Kubernetes Executor Advanced Configuration

# kubernetes_executor_advanced.py
from datetime import datetime, timedelta
from airflow import DAG
from airflow.operators.python import PythonOperator
from airflow.providers.cncf.kubernetes.operators.pod import KubernetesPodOperator
from airflow.providers.cncf.kubernetes.volume import EmptyDirVolume, VolumeMount
from airflow.providers.cncf.kubernetes.secret import Secret
from kubernetes.client import V1ResourceRequirements, V1Toleration

def kubernetes_specific_task(**context):
    """Task designed for Kubernetes executor."""
    import os
    import json

    # Get Kubernetes-specific environment variables
    pod_info = {
        'pod_name': os.environ.get('POD_NAME', 'unknown'),
        'namespace': os.environ.get('NAMESPACE', 'default'),
        'node_name': os.environ.get('NODE_NAME', 'unknown'),
        'pod_ip': os.environ.get('POD_IP', 'unknown'),
        'service_account': os.environ.get('SERVICE_ACCOUNT', 'default'),
    }

    print(f"Kubernetes pod info: {json.dumps(pod_info, indent=2)}")

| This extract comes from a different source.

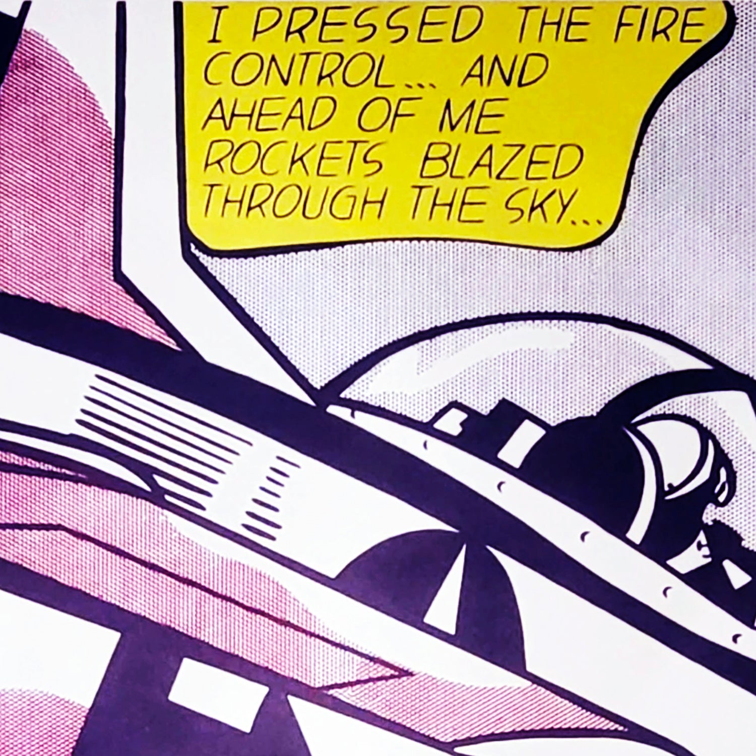 Stylistically, Whaam! exemplifies Lichtenstein’s strategy of appropriation and transformation. By isolating this split-second moment of aerial combat and pairing it with the onomatopoeic exclamation “Whaam!”, he invites viewers to consider how violence is packaged and dramatized in mass media. The graphic impact is direct and immediate: the viewer doesn’t read a story, but feels a dramatic pop of action.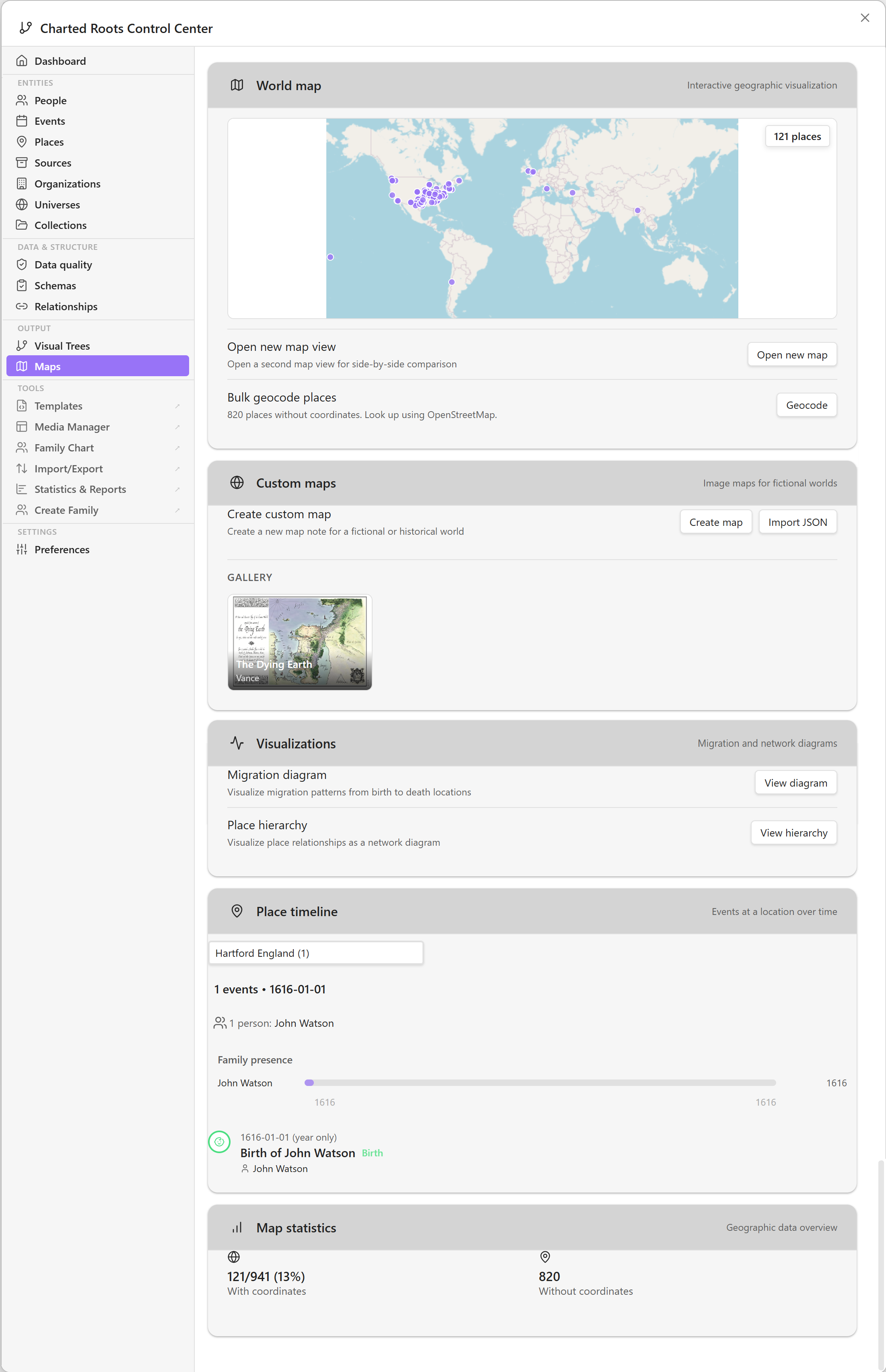 - Map view: Visualize birth/death locations geographically

    # Access Kubernetes API if needed
    try:
        from kubernetes import client, config
        config.load_incluster_config()
        v1 = client.CoreV1Api()
        pods = v1.list_namespaced_pod(namespace=pod_info['namespace'])
        print(f"Total pods in namespace: {len(pods.items)}")
    except Exception as e:
        print(f"Could not access Kubernetes API: {e}")

    return pod_info

# Advanced Kubernetes configuration
kubernetes_config = {
    # Resource requirements
    'resources': V1ResourceRequirements(
        requests={'cpu': '100m', 'memory': '128Mi'},
        limits={'cpu': '500m', 'memory': '512Mi'},
    ),

    # Volume mounts
    'volumes': [
        EmptyDirVolume(name='shared-data'),
    ],
    'volume_mounts': [
        VolumeMount(
            name='shared-data',
            mount_path='/tmp/shared',
            sub_path=None,
        ),
    ],

    # Secrets
    'secrets': [
        Secret('env', 'API_KEY', 'kubernetes-secrets', 'api-key'),
        Secret('volume', 'db-cert', 'kubernetes-secrets', 'db-cert',
               mount_path='/etc/db-cert'),
    ],

    # Tolerations
    'tolerations': [
        V1Toleration(
            key='dedicated',
            operator='Equal',
            value='airflow',
            effect='NoSchedule',
        ),
    ],

    # Node selectors
    'node_selector': {
        'node-type': 'airflow-worker',
        'zone': 'us-west-2a',
    },

    # Image pull secrets
    'image_pull_secrets': ['airflow-registry'],

    # Service account
    'service_account_name': 'airflow-worker',

    # Pod lifecycle hooks
    'on_finish_action': 'delete_pod',  # or 'keep_pod'

    # Retry configuration
    'get_logs': True,
    'log_events_on_failure': True,
    'tolerations': [],
    'node_selectors': {},
}

with DAG(
    'kubernetes_advanced_dag',
    default_args={
        'owner': 'airflow',
        'depends_on_past': False,
        'retries': 2,
        'retry_delay': timedelta(minutes=5),
    },
    description='Advanced Kubernetes executor configuration',
    schedule_interval=timedelta(hours=2),
    start_date=datetime(2024, 1, 1),
    catchup=False,
    tags=['kubernetes', 'advanced'],
) as dag:

    # KubernetesPodOperator with advanced configuration
    k8s_task = KubernetesPodOperator(
        task_id='kubernetes_pod_task',
        name='kubernetes-task-pod',
        namespace='airflow',
        image='apache/airflow:2.8.0',
        cmds=['python', '-c'],
        arguments=['''
import os
print(f"Running in pod: {os.environ.get('POD_NAME', 'unknown')}")
print(f"Node: {os.environ.get('NODE_NAME', 'unknown')}")
print("Task completed successfully")
        '''],
        **kubernetes_config,
    )

    # Python operator for Kubernetes-specific logic
    python_k8s_task = PythonOperator(
        task_id='python_kubernetes_task',
        python_callable=kubernetes_specific_task,
    )

    # Set dependencies
    k8s_task >> python_k8s_task

Celery Executor Optimization

# celery_executor_optimization.py
from datetime import datetime, timedelta
from airflow import DAG
from airflow.operators.python import PythonOperator
from airflow.providers.celery.sensors.celery_queue import CeleryQueueSensor

def celery_optimized_task(**context):
    """Task optimized for Celery executor."""
    import os
    import socket
    import time

    # Get Celery worker information
    worker_info = {
        'hostname': socket.gethostname(),
        'pid': os.getpid(),
        'celery_task_id': context.get('task_instance').task_id,
        'queue': context.get('task_instance').queue or 'default',
    }

    print(f"Running on Celery worker: {worker_info}")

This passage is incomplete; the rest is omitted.